The Charter challenge argues that each of these pathways — obtaining a personal exemption from the Minister of Health under subsection 56(1) of the Controlled Drugs and Substances Act (CDSA), working with a doctor to obtain an authorization through Canada’s Special Access Program or enrolling in a clinical trial — do not adequately serve the needs of patients.”
Technology Networks: Our DNA Could Affect the Potency of Psychedelics in the Brain
“A new study has identified that variation in genes coding for key receptors in our brains may alter the potency of psychedelic drugs. The research suggests that our genetics should be a factor in future clinical trials of these drugs’ therapeutic potential…
The team found that, with certain combinations of drug and receptor type, there were significant differences in the drug’s potency – for example, they wrote, “The Ala447Val 5-HT2A receptor displayed a three-fold increase in potency for 5-MeO-DMT”. One particular receptor showed a nine-fold increase in potency in response to mescaline.”
Mad in America: The Powerful Allure of Psychedelics in Today’s Disenchanted World
“The great twentieth century sociologist Max Weber wrote extensively about the disenchantment of modern life. He believed that since the Enlightenment, science and reason had eroded the sway of religion, spirituality, superstition and magic such that transcendent values had become increasingly unavailable to many, especially in secular cultures, which modern Australia has become. He argued that through reason the world had become transparent and demystified, and hence disenchanted.
For Weber the disenchantment of the world was the alienating and undesirable flip side of scientific progress.
Interestingly he borrowed from Hinduism and described the world as a great enchanted garden, all too easily uprooted and disturbed by science and reason as we humans lose our ability to see nature as an inherently meaningful order. Or in other words the loss of animism – seeing all of nature including humans as alive, interconnected and part of the whole – leads to anomie, loss of meaning, depersonalisation and the objectification and abuse of nature with all its environmental consequences.”
New York Post: Aaron Rodgers says psychedelic drugs led to ‘best season of my career’
“To me, one of the core tenets of your mental health is that self-love,” Rodgers told host Aubrey Marcus.

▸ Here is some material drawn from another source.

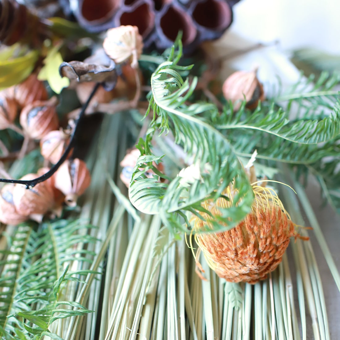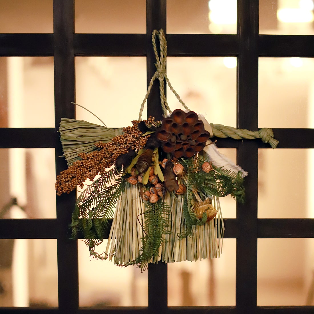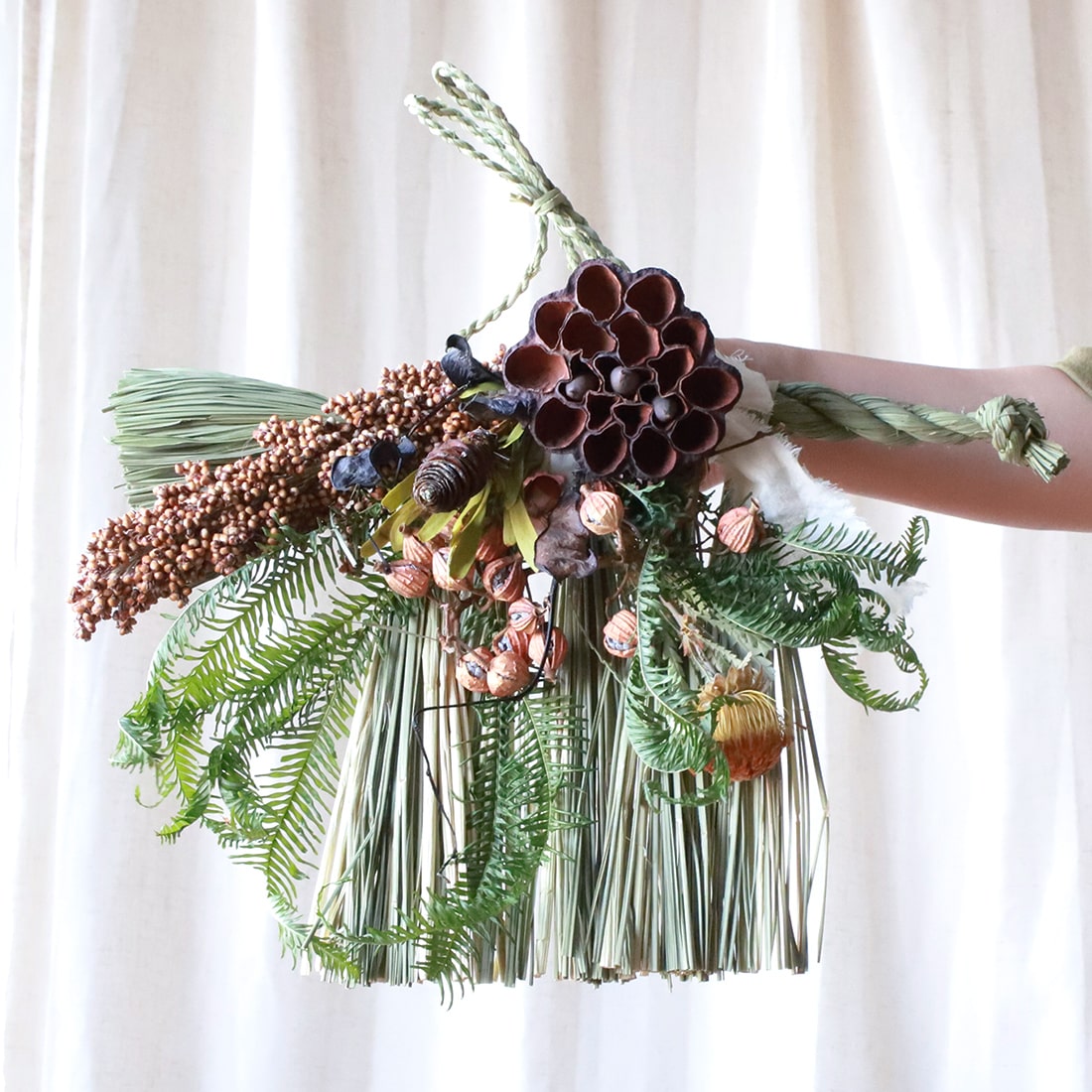 橙(だいだい)や柊(ひいらぎ)などがあしらわれるのが一般的なので、それにならってオレンジやグリーンを基調としたドライフラワーでまとめました。

“That’s what ayahuasca did for me, was help me see how to unconditionally love myself.”
“It’s only in that unconditional self-love, that then I’m able to truly be able to unconditionally love others. And what better way to work on my mental health than to have an experience like that?”
That’s it for this week—thanks for reading!
Zach
I was impressed to find an Ayahuasca church in New Hampshire brazenly promoting its services online without the necessary read-between-the-lines innuendo I have seen elsewhere. New Hampshire, as I am told, has some of the most robust Religious Freedom rights in the country, apparently sufficient enough for this church to freely advertise itself.